Now at this point, you have two choices. You can make a list of what isn’t real, or you can make a list of what is. Most of us do a combination of the two, but our natural inclination seems to lean toward the negative.

 

The problem is that going that way could be dangerous, because then our emotions kick in and overwhelm our logic. Before long depression and apathy crash the party, and you just start not believing in anything. This is frequently where God gets thrown out with the dishwater.

 

On the other hand, what would happen if you focused on what is real? The positive things?
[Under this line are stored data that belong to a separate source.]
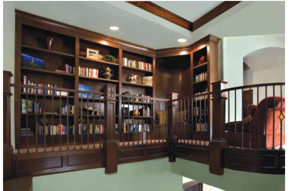
IMAGINE's pocket library is a favorite among visitors.

IMAGINE is open seven days a week: Monday through Saturday 10 am- 6 pm, Sunday 11 am- 5 pm or by private appointment. For additional information, call 847.572.5252 or visit www.ImagineByPickell.com .
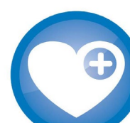
Fit and Well
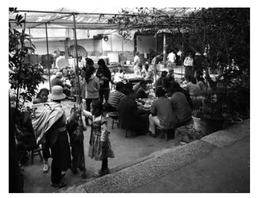
Figure 3.2 A local Naxi wedding ceremony in Lijiang
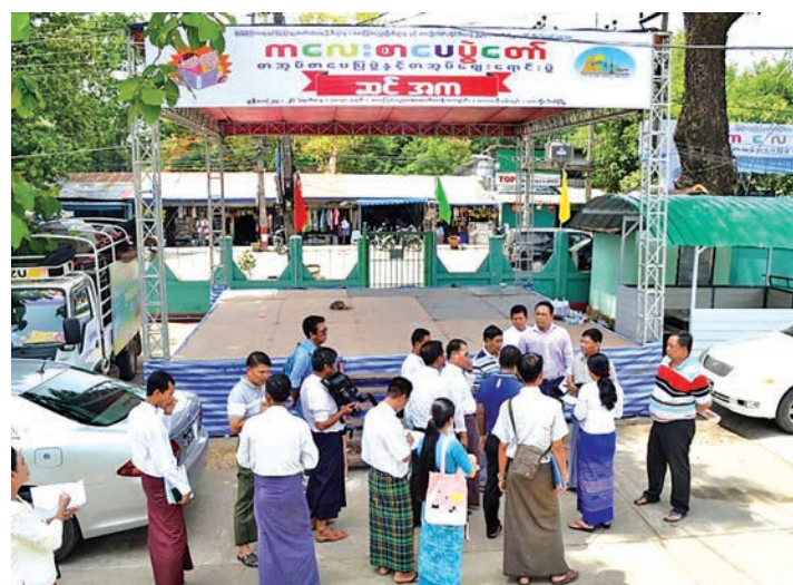
Officials inspect preparations for holding the Children's Literary Festival in Tachileik on 25 June.

The committee members reported the progress of their works in each sector to the Union Minister.—MNA (Translated by Khaing Thanda Lwin) ■
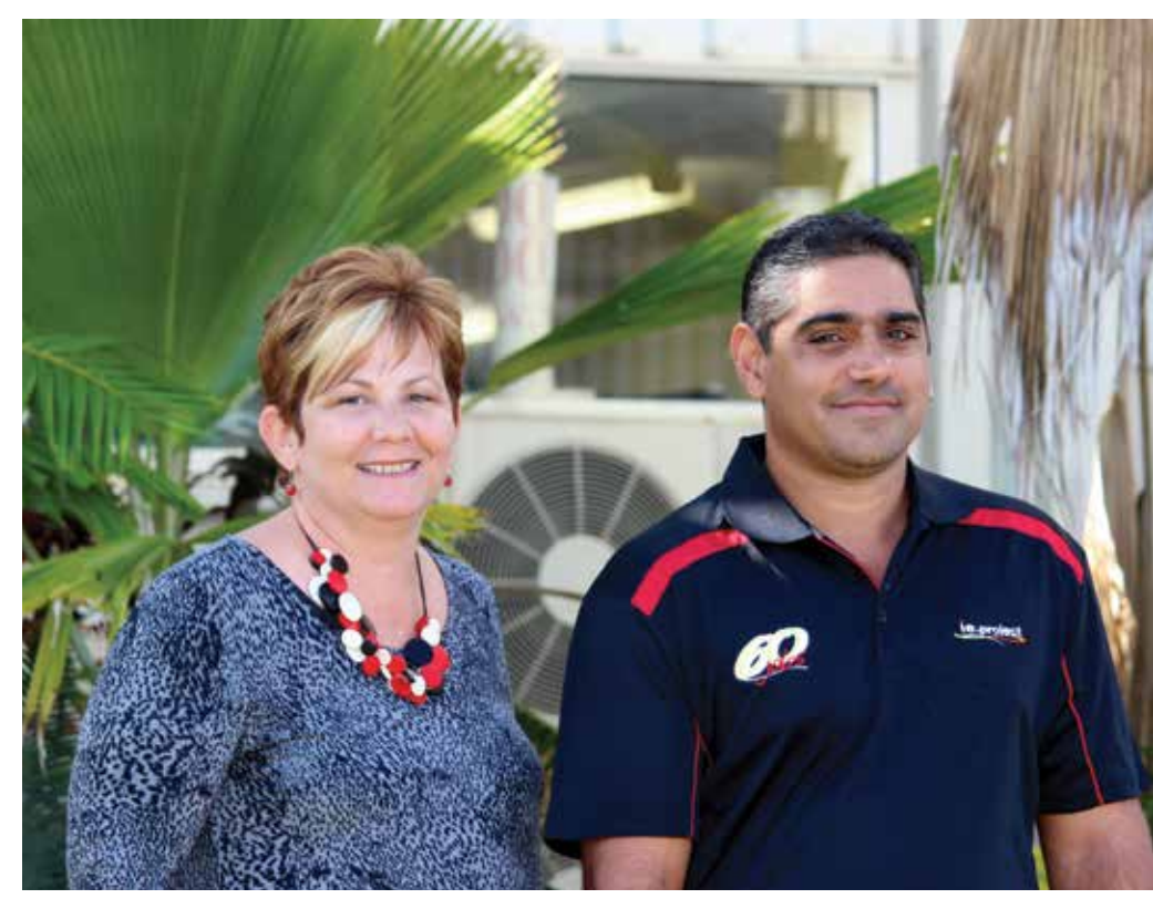
Trust Project Officers.

Supporting the sustainable growth of existing art and culture organisations in a way that promotes generational understanding of Indigenous culture and traditions and the establishment of sustainable culture-based businesses with tourism objectives.
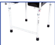
P13642 Legs w/Crutch Tips (height seat range from floor to bottom frame-19.5"-22.5")

The things that don’t move?

 

This is the essence of being a Truthseeker, and the entire impetus behind my writing in the first place.

 

ABBA

Photo of Swedish group ABBA in blue jumpsuits
Seriously? (Sarah Andersen/wallpaperuse.com)

 

Child reaching up toward an unseen Daddy with "ABBA" printed above.
That’s more like it. (Public Domain)

 

 

If you intentionally focus on the things in your life that don’t move, the chaos will settle (in your mind at least) and eventually fade into the background along with your doubt. However, this technique will only be as effective as your knowledge of what it is that doesn’t move.

 

If you are already at a place in your life where you have allowed doubt and skepticism to reign over your thinking, then you may have reached the point where you doubt Truth itself or even the existence of anything permanent.

 

This brings me back to the concept of spiritual maturity being separate from intellectual maturity.

 

It’s easy enough to admit when you don’t know something factual and even easier to Google it and find out the answer. However, growing spiritually is more difficult because it first requires admitting you are a spiritual infant. And pride has an issue with that notion.

 

Your level of doubt and skepticism is directly proportionate to your level of pride. The higher your pride level, the less likely you are to admit your vulnerabilities.

 

The reality is that your soul is still crying out like a baby.

 

You need your Daddy, but not the one who came home drunk and beat your mother while you watched, cowering in a corner. Not the one who yelled and swore at you and told you you’d never amount to anything. Not the one who was cold and distant and never did anything to make you feel loved or accepted.

 

You need the Daddy you should have had. You need the one who always has the answers, always knows the right thing to do or say, the one who never fails. The one you want to be just like when you grow up. The one who accepts you as you are so that you don’t have to spend the rest of your life trying in vain to prove that he was wrong about you.

 

You need that Daddy.

 

You want that Daddy.

 

No matter how much you’ve tried to make a life for yourself apart from that, you will always have a hole in your soul that no amount of worldly success or knowledge can fill.

 

Only your Daddy can do that. He designed you this way, to recognize that you can’t meet all of your own needs and to admit your dependence.